Le collaborazioni pubblico-private nell’integrazione sociosanitaria
Alceste Santuari | 31 Marzo 2026
Il contesto
Le collaborazioni pubblico-private possono considerarsi, da un lato, l’esito di un lungo percorso evolutivo di tipo culturale, organizzativo e, quindi, anche giuridico, dell’intervento pubblico e, dall’altro, dei cambiamenti registrati nell’ambito dell’azione dei soggetti privati. Per quanto attiene all’intervento pubblico, è noto come, nel corso dei decenni, le istituzioni pubbliche abbiano progressivamente abbandonato la loro primazia rispetto ad altri soggetti giuridici e la funzione di produzione diretta dei servizi di pubblica utilità per assumerne, in varie combinazioni e con assetti diversi, quella di committenza, regolazione, coordinamento, monitoraggio e verifica dei risultati conseguiti.
Da questa duplice evoluzione discendono almeno due conseguenze, tra loro correlate, ma non necessariamente orientate verso lo stesso segno, che, per le loro implicazioni, hanno finito per interessare sia la genesi sia la successiva evoluzione delle collaborazioni pubblico-private.
In primo luogo, le pubbliche amministrazioni hanno cominciato progressivamente ad implementare politiche di promozione e di sostegno dei soggetti privati, specie non lucrativi, in ossequio al principio di sussidiarietà. Contestualmente, le medesime pubbliche amministrazioni hanno sviluppato una maggiore finalizzazione dell’azione amministrativa verso obiettivi di economicità, efficienza ed efficacia nell’organizzazione, gestione ed erogazione dei servizi di interesse generale. A questo proposito si registrano sensibilità diverse tra chi ritiene l’adozione di logiche sussidiarie – oltre che come un’opzione auspicabile per motivi filosofici e politici – come una strada per realizzare il massimo grado di economicità, mentre altri rimangono convinti che quest’ultima sia realizzabile al massimo grado attraverso il mercato.

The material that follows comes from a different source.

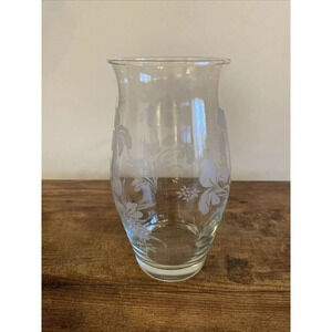 Pasabahce Made In Turkey Art Glass Clear Etched White Floral Vase 8”H 3.75”D.

In secondo luogo, sul fronte degli istituti giuridici, l’organizzazione, la gestione e l’erogazione dei servizi di interesse generale non si realizza più soltanto attraverso le procedure di natura competitiva, ma anche e, in certi settori, soprattutto, ricorrendo agli strumenti dell’amministrazione condivisa. Al riguardo, preme fin da subito, precisare che il nuovo paradigma collaborativo non deve identificarsi con forme ovvero inclinazioni di riduzione delle prerogative pubbliche. Al contrario, un’attenta valutazione e analisi dello specifico modello collaborativo e della sua governance, permette di confermare che le pubbliche amministrazioni mantengono intatte le loro responsabilità istituzionali. Parimenti, i soggetti privati coinvolti nei percorsi collaborativi non modificano la loro natura giuridica, il loro assetto organizzativo e gestionale, né tantomeno la loro mission. Essi sono sollecitati a modificare il loro “ruolo”: invero, gli enti non profit coinvolti nei processi collaborativi sono chiamati ad abbandonare la posizione di “controparti” contrattuali per assumere e svolgere quella di partner delle pubbliche amministrazioni, e non più soltanto di operatori economici erogatori di servizi e prestazioni. Si tratta, conseguentemente, di registrare il passaggio da rapporti tipicamente basati sul binomio “committente-prestatore/erogatore” a programmi di collaborazioni pubblico-private aventi ad oggetto progetti, iniziative ed interventi di rilevanza collettiva, caratterizzati dalla condivisione di obiettivi, di risorse e di responsabilità tra enti pubblici e soggetti privati, specie non profit. La condivisione di obiettivi comuni di interesse generale, l’assunzione di responsabilità pubbliche, nonché la disponibilità a farsi carico di istanze collettive, seppur bilanciate dalla necessaria ricerca di equilibri economico-finanziari, rappresentano elementi che definiscono una vocazione metaegoistica dei soggetti privati, anche non lucrativi, rispetto alla più tradizionale e conosciuta posizione di erogatori di ultima istanza selezionati dalle pubbliche amministrazione per assicurare contratti a prestazioni corrispettive.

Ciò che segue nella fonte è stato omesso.